§ Work task
For the lines from the one with "Collection of 4" to the end of the listing below, both ends included, give an exact copy and nothing more. Do not copy pictures.

§ Available data
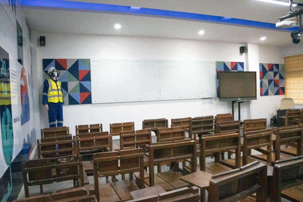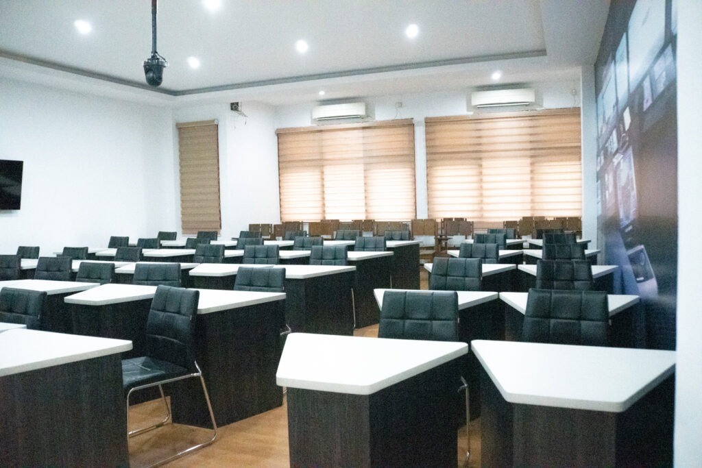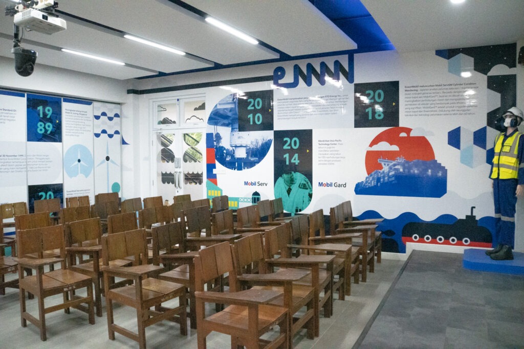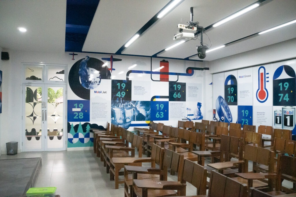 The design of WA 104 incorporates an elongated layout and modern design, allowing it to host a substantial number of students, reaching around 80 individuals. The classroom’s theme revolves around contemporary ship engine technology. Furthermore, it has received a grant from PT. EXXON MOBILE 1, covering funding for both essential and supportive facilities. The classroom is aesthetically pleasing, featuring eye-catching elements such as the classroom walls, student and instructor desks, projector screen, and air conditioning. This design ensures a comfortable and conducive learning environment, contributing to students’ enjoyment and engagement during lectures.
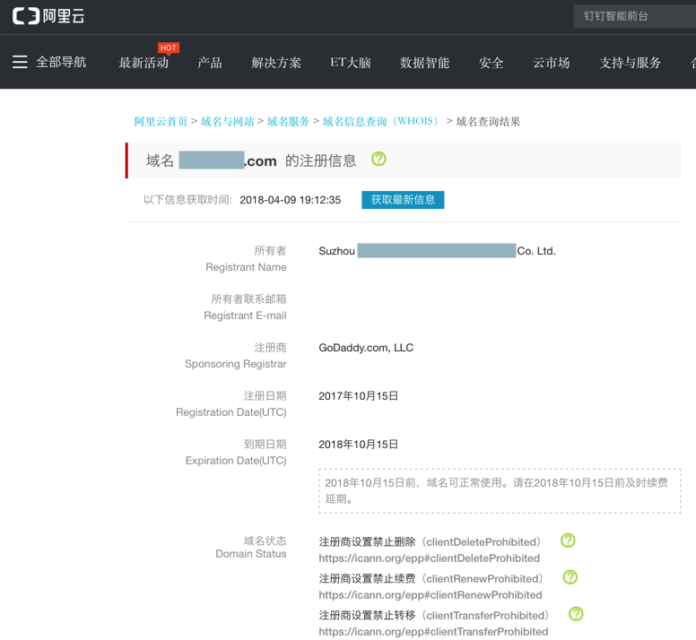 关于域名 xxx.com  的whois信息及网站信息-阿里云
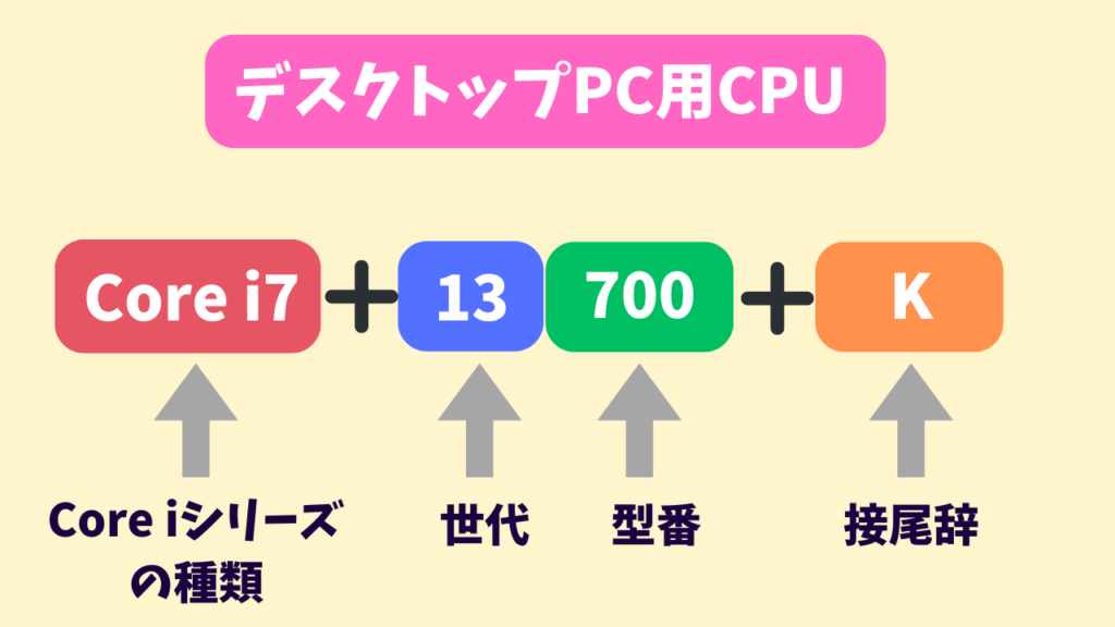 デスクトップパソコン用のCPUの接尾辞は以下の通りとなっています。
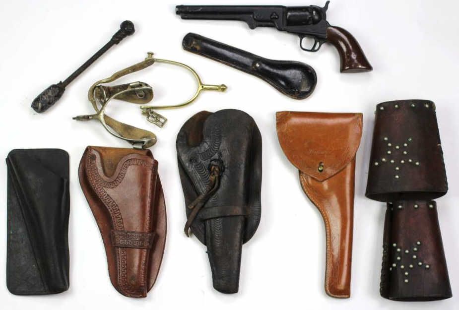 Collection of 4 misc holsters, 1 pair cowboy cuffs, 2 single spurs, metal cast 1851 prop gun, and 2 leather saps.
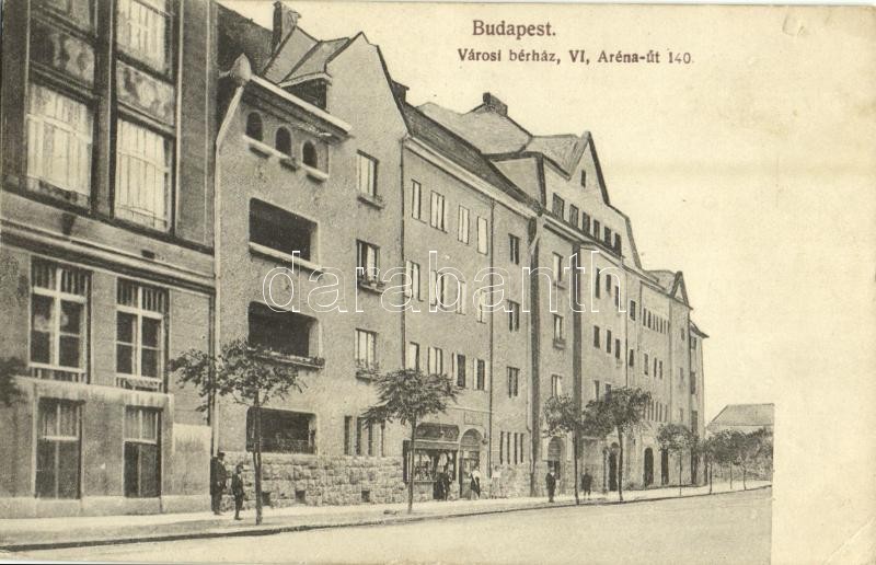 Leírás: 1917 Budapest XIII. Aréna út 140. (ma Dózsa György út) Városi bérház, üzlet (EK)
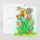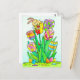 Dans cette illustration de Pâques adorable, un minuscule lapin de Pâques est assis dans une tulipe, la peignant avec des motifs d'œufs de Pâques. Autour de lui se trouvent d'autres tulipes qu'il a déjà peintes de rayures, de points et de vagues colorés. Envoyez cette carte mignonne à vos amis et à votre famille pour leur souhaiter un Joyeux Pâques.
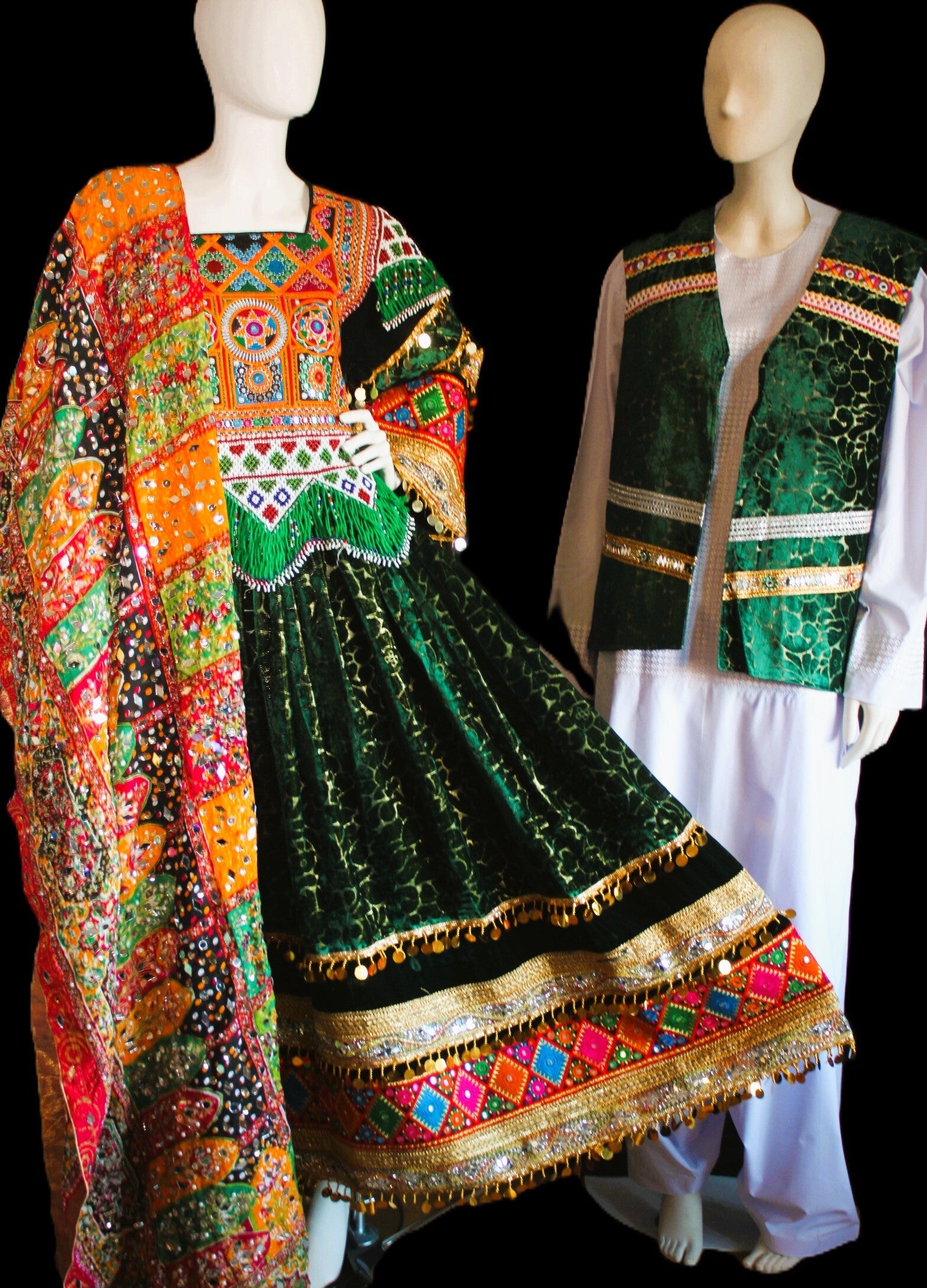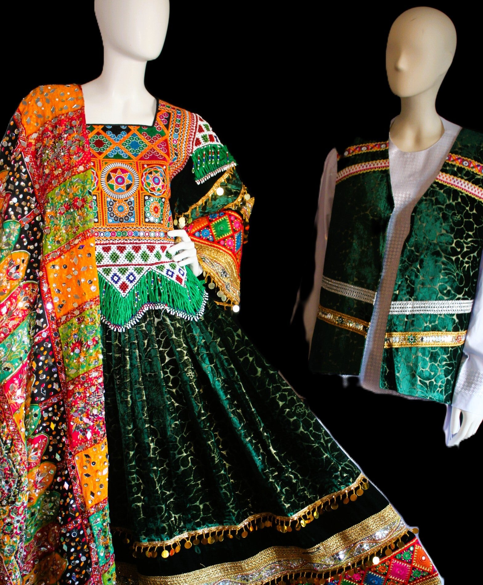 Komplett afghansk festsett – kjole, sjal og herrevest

§ Answer box
 Collection of 4 misc holsters, 1 pair cowboy cuffs, 2 single spurs, metal cast 1851 prop gun, and 2 leather saps.
 Leírás: 1917 Budapest XIII. Aréna út 140. (ma Dózsa György út) Városi bérház, üzlet (EK)
 Dans cette illustration de Pâques adorable, un minuscule lapin de Pâques est assis dans une tulipe, la peignant avec des motifs d'œufs de Pâques. Autour de lui se trouvent d'autres tulipes qu'il a déjà peintes de rayures, de points et de vagues colorés. Envoyez cette carte mignonne à vos amis et à votre famille pour leur souhaiter un Joyeux Pâques.
 Komplett afghansk festsett – kjole, sjal og herrevest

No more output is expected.